The Spade took a last inhale of his pipe before dumping its contents into the fire. “Perhaps. But I think the King fears more than just the return of the Princess.”
“The Yurkei?”
“This is the end of your answers for tonight.”
“There is nothing more to tell me of Wardley?”
“No. His shoulder still healing. He spends his days in the stables, wiping the dung off of his face that is thrown at him by orphans.”
But he is alive, thought Dinah, he is alive. She absently rubbed her hands together. More blood on my hands, she thought, more consequences because of my actions. And Harris, and Emily—what had happened to them? Had her father chopped them down as easily as he had Lucy and Quintrell?

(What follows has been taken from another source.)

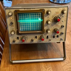 Enheten har en ratt för att justera frekvensen, samt kontroller för oscillator, slope och output. Baksidan visar anslutningar för strömförsörjning med valbara spänningsinställningar och en säkring.

She began to raise her voice when the Spade turned slightly, his ears pointed at the sky. “BE SILENT!” he whispered. Dinah froze in place. Without making a sound, the Spade ran over to his pack and withdrew a bow and arrow. Her heart thudded in her ears. What was he doing? Maybe he worked for her father. Perhaps he was an assassin sent her to kill her silently and bury her deep in the woods, where her body would simply disintegrate into the dusty ground. She looked around, taking in the moss-covered rocks and the thin white trees that ringed their nightfire. There are worse places to be laid to rest, she thought. At least I’m here under the bright stars, though… if he wanted to kill me, she reasoned, he would have killed me while I slept. He could have pulled that knife across my throat before I had even understood what was going on.
The Spade lifted the bow, his muscled arms quivering as he tracked something that Dinah couldn’t see across the dark sky. Finally, he exhaled and released the arrow. Dinah heard a thwap, followed by the sound of something falling through dried leaves. The Spade darted into the woods. Dinah stood. Now, she thought, now would be the time to run with Morte, her legs shaking. Go! she told herself, but her legs didn’t move. She stayed. There was something about this Spade, she reasoned, something different. Besides, the food was almost gone. And he was right—she didn’t have a plan. Defeated, she admitted to herself that she had been wandering aimlessly through the forest, and it was a miracle that she had survived. Now she had help, or at least someone who wanted something from her, which in some cases was as good as help. He wasn’t a friend, but she didn’t sense danger radiating from him either. She paused, thinking of the rage on her father’s face as she stood shadowed in the trees. “But you can’t trust that,” she whispered to herself. “You can’t trust that feeling.” She never would have dreamed that her father would try to murder her, or throw her brother out of a window. Feelings meant nothing. Whom could you trust when your own family turned against you?